*MATERIAL SUPPLIED:*
——————————

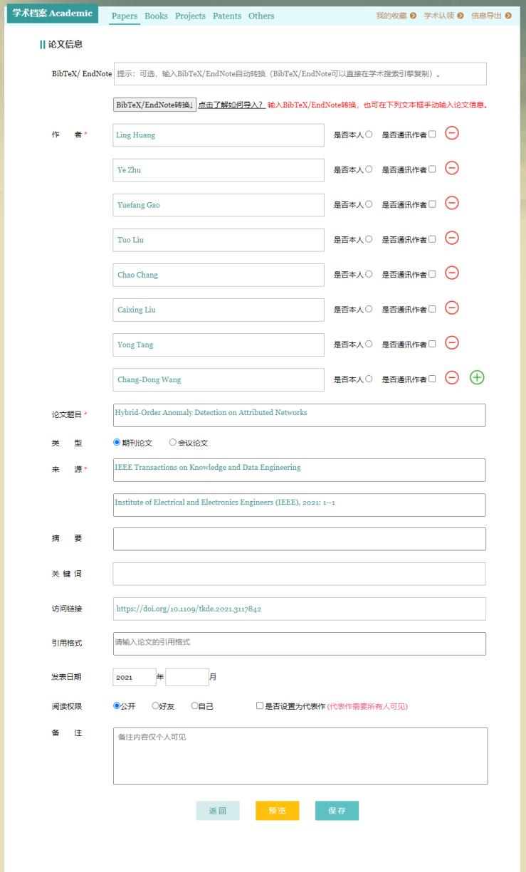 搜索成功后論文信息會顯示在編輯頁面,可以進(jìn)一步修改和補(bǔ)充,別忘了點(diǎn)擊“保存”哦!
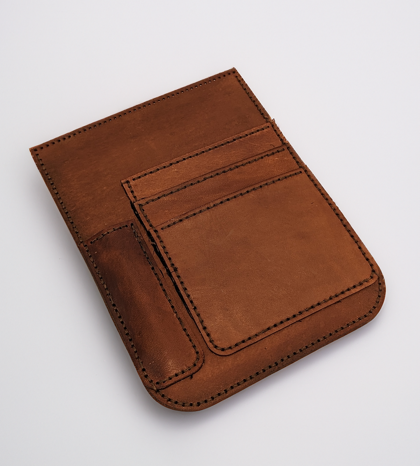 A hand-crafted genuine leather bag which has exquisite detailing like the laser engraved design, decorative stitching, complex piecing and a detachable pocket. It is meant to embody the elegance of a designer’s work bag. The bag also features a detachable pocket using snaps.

——————————

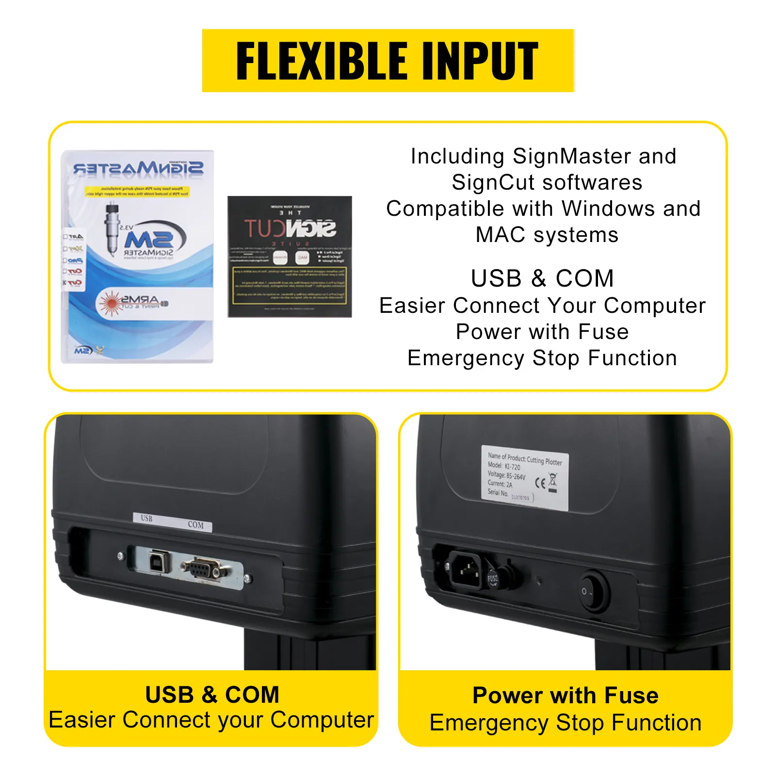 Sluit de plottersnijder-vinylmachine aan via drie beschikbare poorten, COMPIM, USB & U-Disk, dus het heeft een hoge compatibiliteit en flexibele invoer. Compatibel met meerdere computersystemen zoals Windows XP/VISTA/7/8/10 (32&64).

——————————

*EXERCISE REQUIREMENTS:* Nothing but the lines from the one containing "搜索成功后論文信息會顯示在編" through the one containing "A hand-crafted genuine" should appear, copied exactly from the material above and without pictures.

*SOLVED EXERCISE:*
 搜索成功后論文信息會顯示在編輯頁面,可以進(jìn)一步修改和補(bǔ)充,別忘了點(diǎn)擊“保存”哦!
 A hand-crafted genuine leather bag which has exquisite detailing like the laser engraved design, decorative stitching, complex piecing and a detachable pocket. It is meant to embody the elegance of a designer’s work bag. The bag also features a detachable pocket using snaps.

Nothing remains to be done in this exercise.